My God. The longest weekend of my life was next to ensue, but in the meantime, my next step was to tell Nicky. Being on the ship, his phone is not reliable but I texted him a photo of the positive test anyway. The next day, I took the second test first thing in the morning before work. The SAME exact thing happened: I got a result within a few seconds and it was positive. ohhhh boy. Before I left for work, I left both tests on the bathroom counter with a note, "Congratulations, Daddy!" I eventually ended up getting a hold of Nick via email that afternoon, and he was very happy as far as I could tell through all the smiley face emoticons and exclamation points. That evening when I got home from work, he was there to meet me at the door and lift me up for a spinning-around-in-happiness hug. It was definitely overdue, since I had found out more than 24 hours prior and hadn't seen him yet due to our overlapping work schedules.

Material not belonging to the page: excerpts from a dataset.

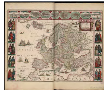
↑ Theatrum orbis terrarum , 1640.

← El rey recibe a Sánchez y a la Comisión Europea en el Palacio Real el 3 de julio.
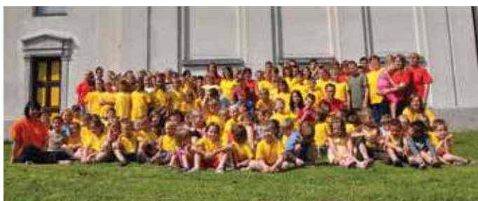
Oratorij 2009 – NATE RAČUNAM
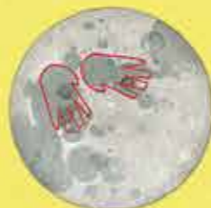
Αποτυώματα χεριών (Ινδία)
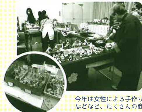
今年は女性による手作りのちりめん細工人形、スイーツ、アクセサリーなどなど、たくさんの商品が、3階ホールに並びました

作品展示や体験講座、公開講座、フリーマーケット、手作り商品の販売など、34団体が参加し、2日間にわたり、おおいに賑わいました。
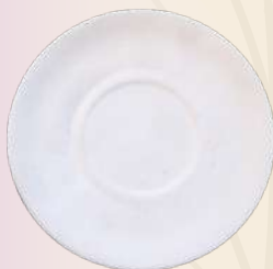
Romance 15 x 2 cm
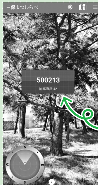
▲カメラモード (AR機能付き) 倒木を見つけたら撮影し報告します

◀アプリには、全3万本の松のデータベース (位置、胸高直径、樹高等) が入っています。自分が見守りたいお気に入りの松にニックネームを登録することもできます♪
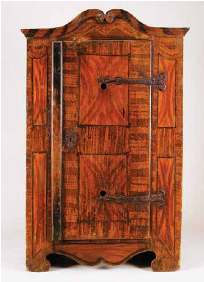
346 ARMÁRIO , casquinha pintada, decoração policromada, ferragens em ferro, Europa Central, séc. XIX, defeitos, faltas na tinta Dim. - 160 x 101 x 40 cm € 800 - 1.200
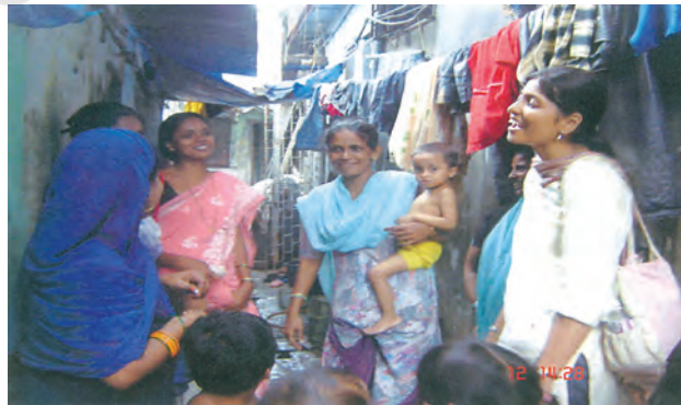
माताओं के साथ परामर्श

We decided to keep it a secret for the time being, minus the few girlfriends who knew and the friends of his who were at the house right then. I knew I needed to tell my family in person, and I planned right then to make the drive to Maryland immediately following my Dr appointment on the 5th. I wanted to talk to my mom about everything SO BAD, but I knew I couldn't tell her this online or on the phone. This needed to be done in person, so I held back the few times I talked to her those couple days until I could get to MD. It's a good thing it isn't out of the ordinary for me to come across a couple days off in a row, and make an impromptu trip home.


We were so happy to find out this wonderful news, and couldn't wait to share with everybody we knew. I just needed official word from the doctor first. After that would happen, I would have one of the happiest days as I drove home to tell my parents and family. But that's another entry for a different day.